Top of INFORMATION SUPPLIED
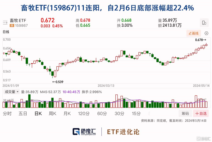 总结下来,就是反转的大方向正在形成,低吸、分步建仓,是押注这一波猪周期反转的正确姿势。看好本轮猪周期的投资者,不妨研究下畜牧ETF(159867)。
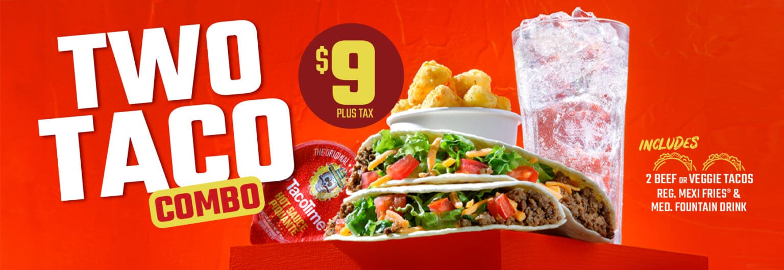 For a limited time, enjoy two beef or veggie tacos, regular Mexi-Fries®, and a fountain drink for a great price.
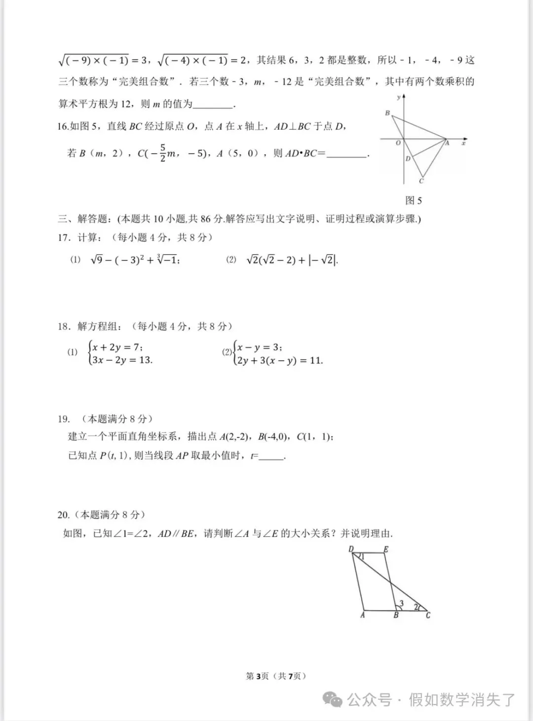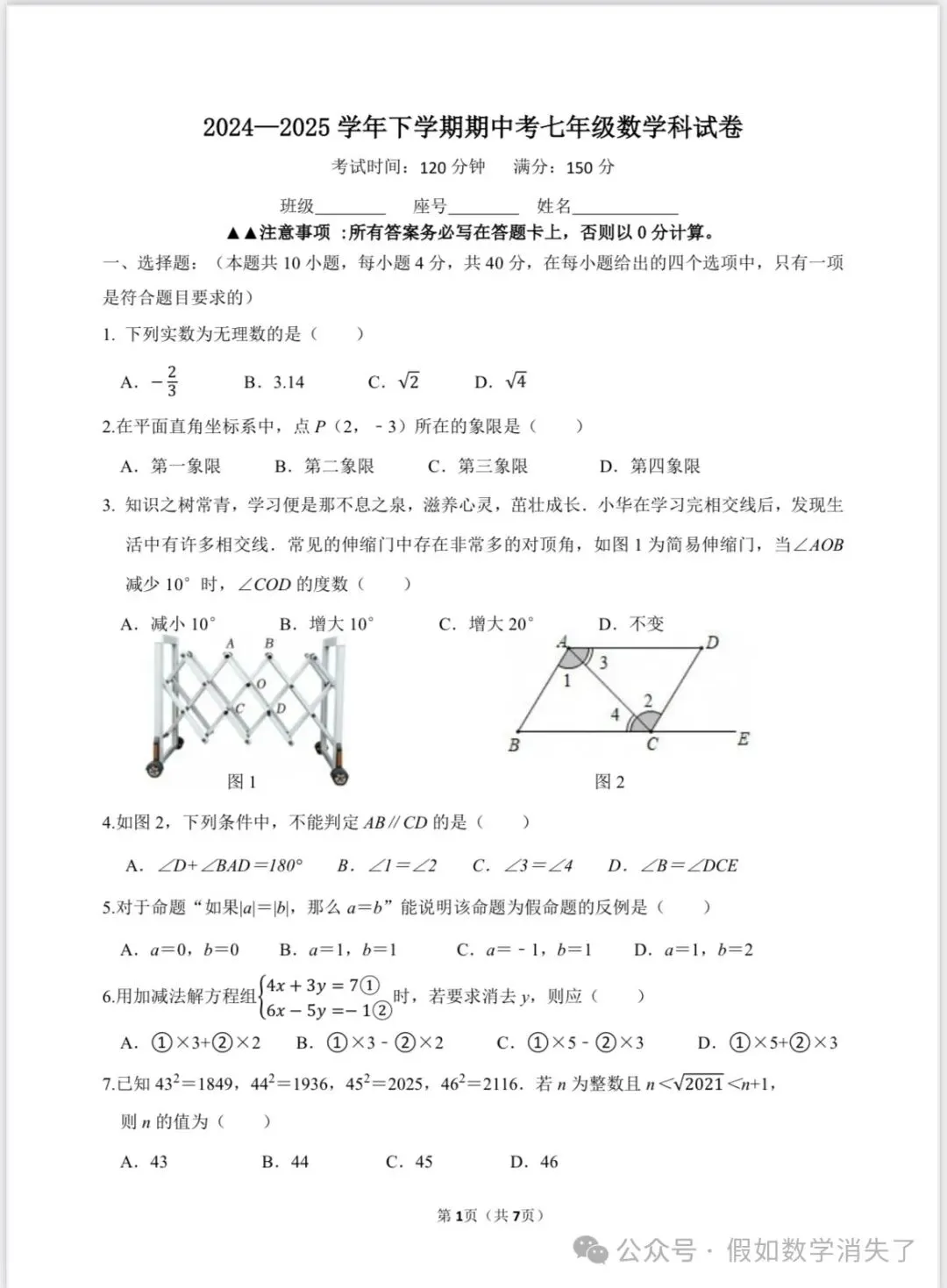 槟榔初一数学期中考试卷
Bottom of INFORMATION SUPPLIED
PROBLEM STATEMENT: Please restate the material word for word; the pictures stay out.

REPLY TO THE TASK:
 总结下来,就是反转的大方向正在形成,低吸、分步建仓,是押注这一波猪周期反转的正确姿势。看好本轮猪周期的投资者,不妨研究下畜牧ETF(159867)。
 For a limited time, enjoy two beef or veggie tacos, regular Mexi-Fries®, and a fountain drink for a great price.
 槟榔初一数学期中考试卷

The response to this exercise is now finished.